Collected data entries
::::::::
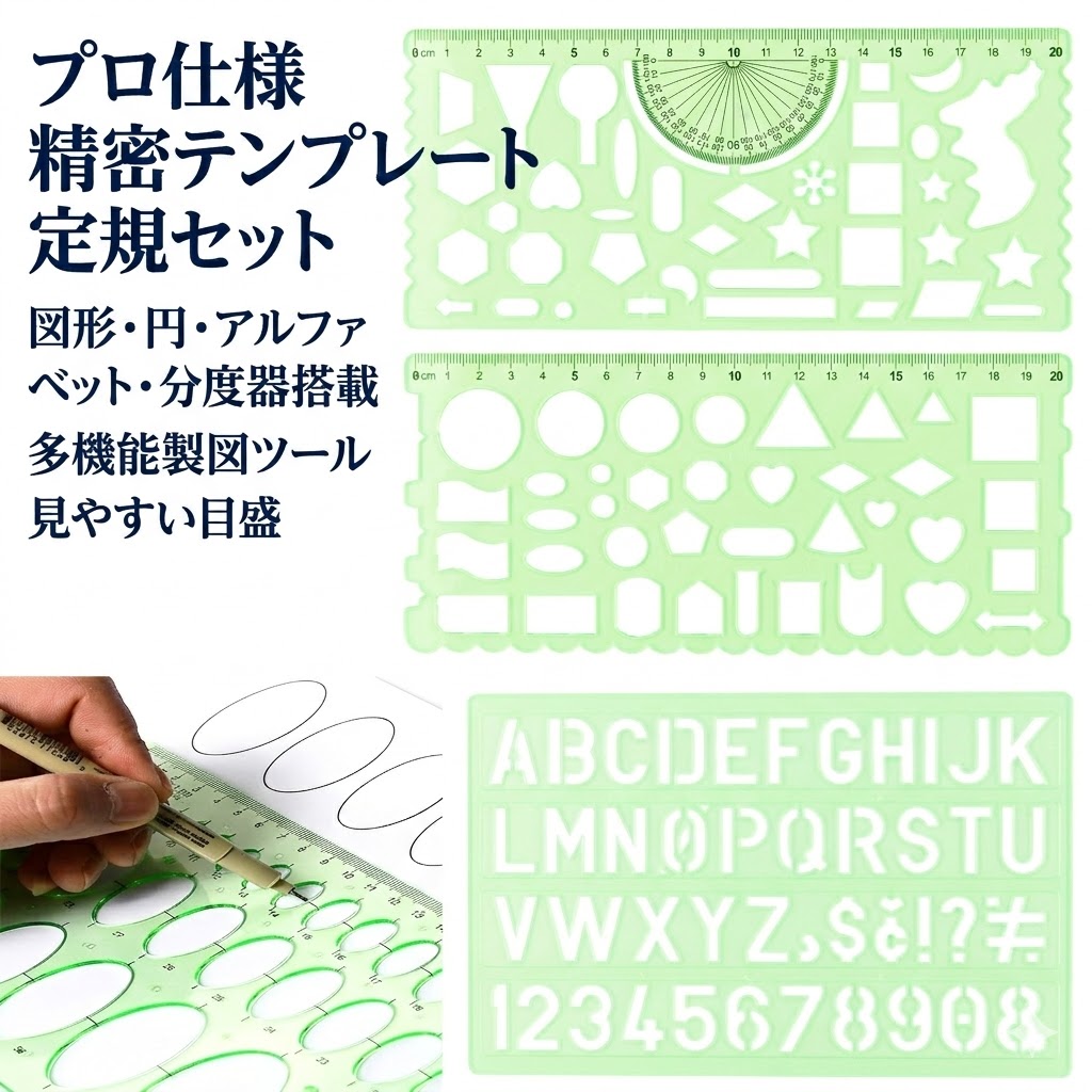 テンプレート 定規 描画 製図 図形 丸 まる 三角形 四角形 六角形 楕円 アルファベット 分度器 文房具 絵画 情報処理 プログラミング
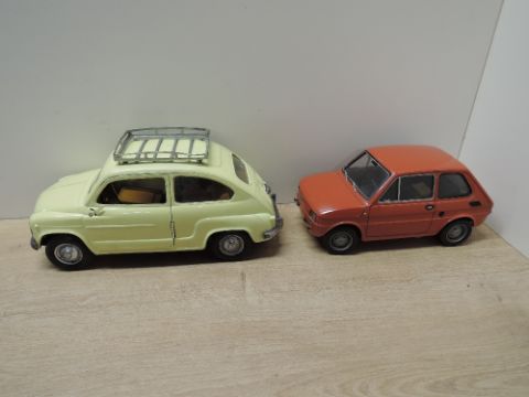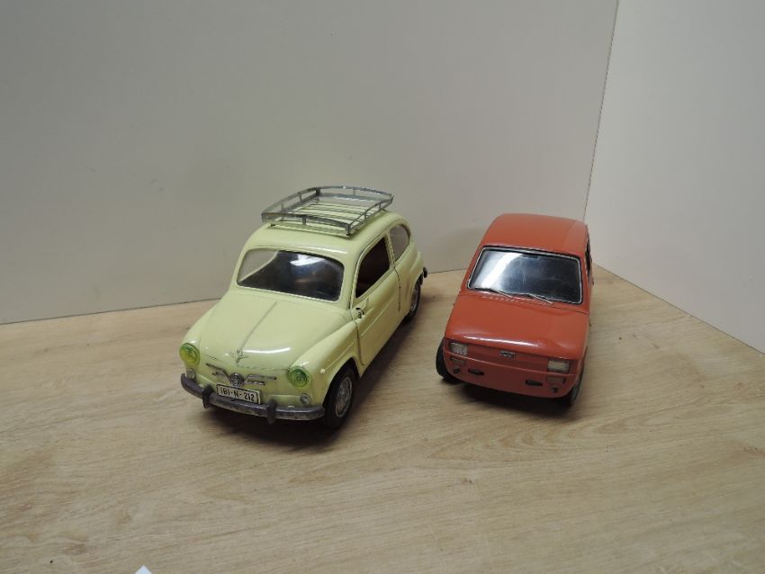 Plastic Battery operated and Friction Driven Scale Models, Pocher Torino Italy Fiat 126 in dark orange, TOK7 31634, missing one back indicator and light set, otherwise appears complete, Sanchis Spain Fiat 600 in light yellow, appears complete (2)
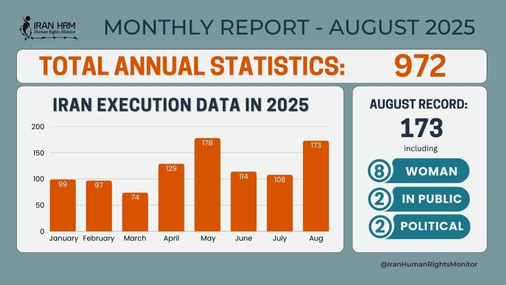 وضعیت حقوق بشر در ایران در اوت ۲۰۲۵ به شدت بدتر شد، و رژیم موجی بیسابقه از اعدامها، دستگیریهای خودسرانه، سوءاستفادههای قضایی و حتی تخریب آرامگاههای تاریخی را به کار گرفت.
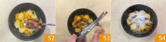 Completa con el guanciale 52 y con el Pecorino rallado 53. ¡Sirve enseguida tus tortelli a la carbonara caseros 54!
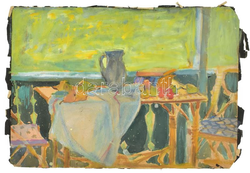 Beschreibung: Jelzés nélkül: Csendélet. Akvarell, papír, sérült, 24x30 cm
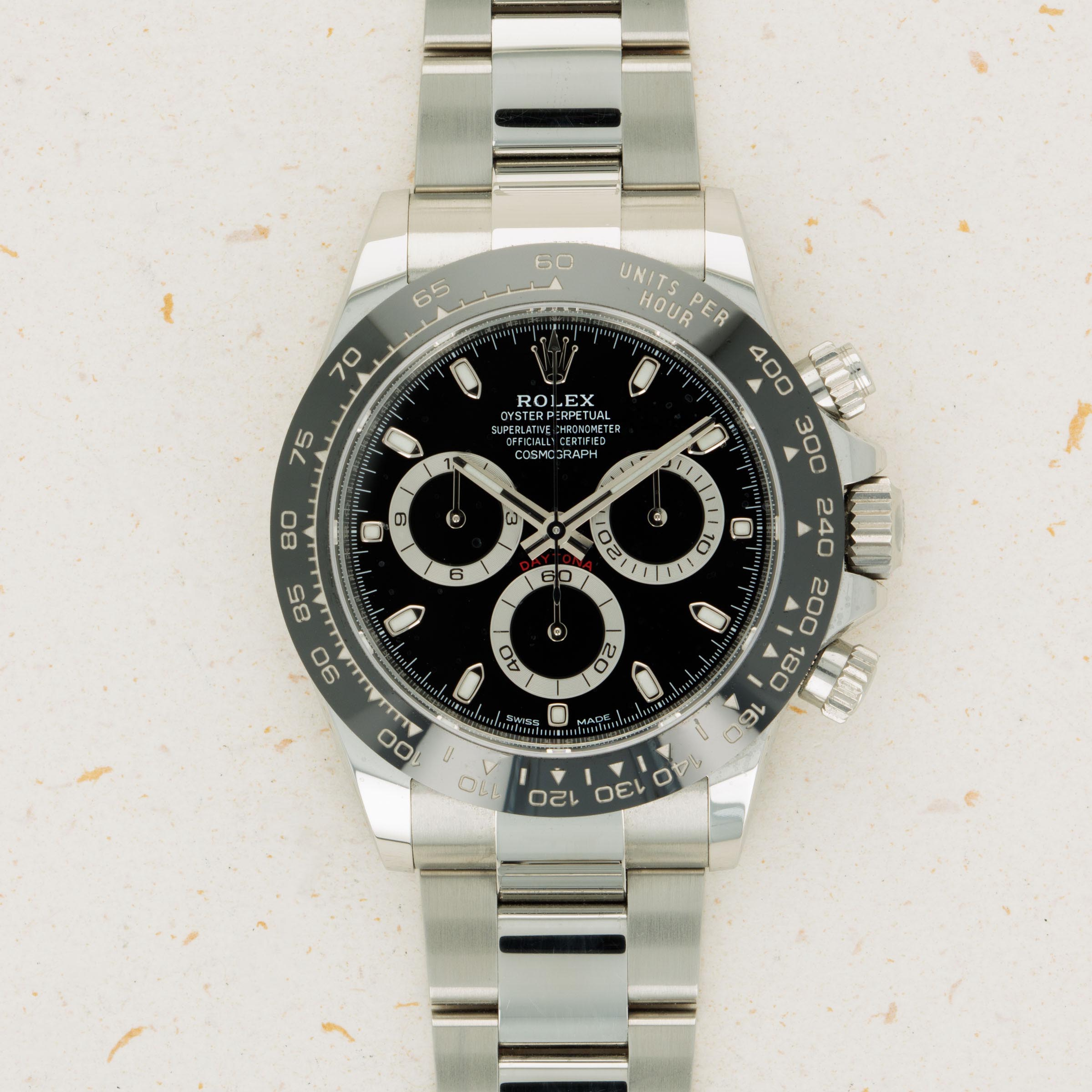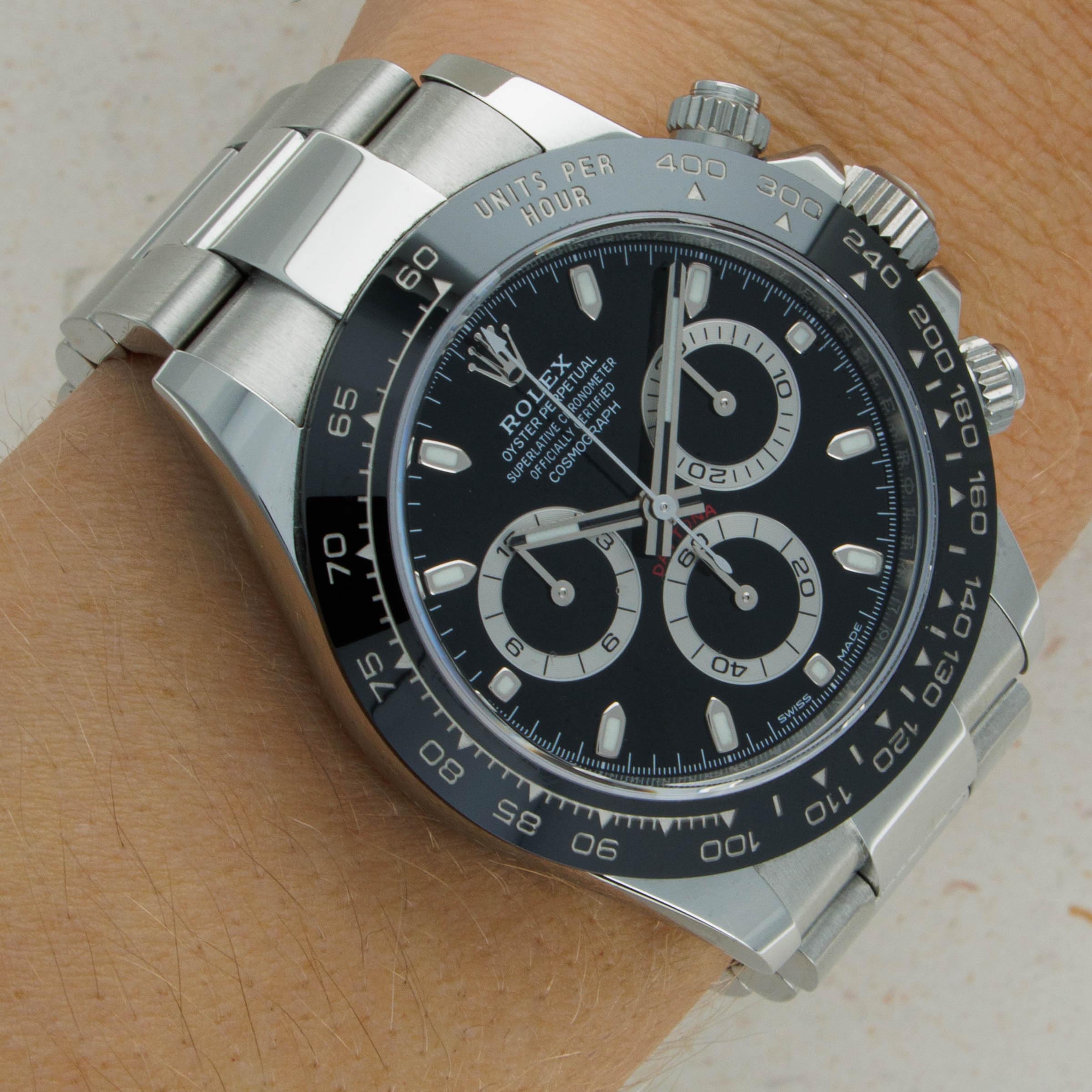 Measuring 40mm in diameter, the Daytona wears on the wrist with a comfortable familiarity that enables anyone to easily pull it off.
::::::::
**WHAT YOU HAVE TO DO**
Give back only the lines from the one that carries "Completa con el" through the final line above, both included. Drop all pictures.

**TASK SOLUTION**
 Completa con el guanciale 52 y con el Pecorino rallado 53. ¡Sirve enseguida tus tortelli a la carbonara caseros 54!
 Beschreibung: Jelzés nélkül: Csendélet. Akvarell, papír, sérült, 24x30 cm
 Measuring 40mm in diameter, the Daytona wears on the wrist with a comfortable familiarity that enables anyone to easily pull it off.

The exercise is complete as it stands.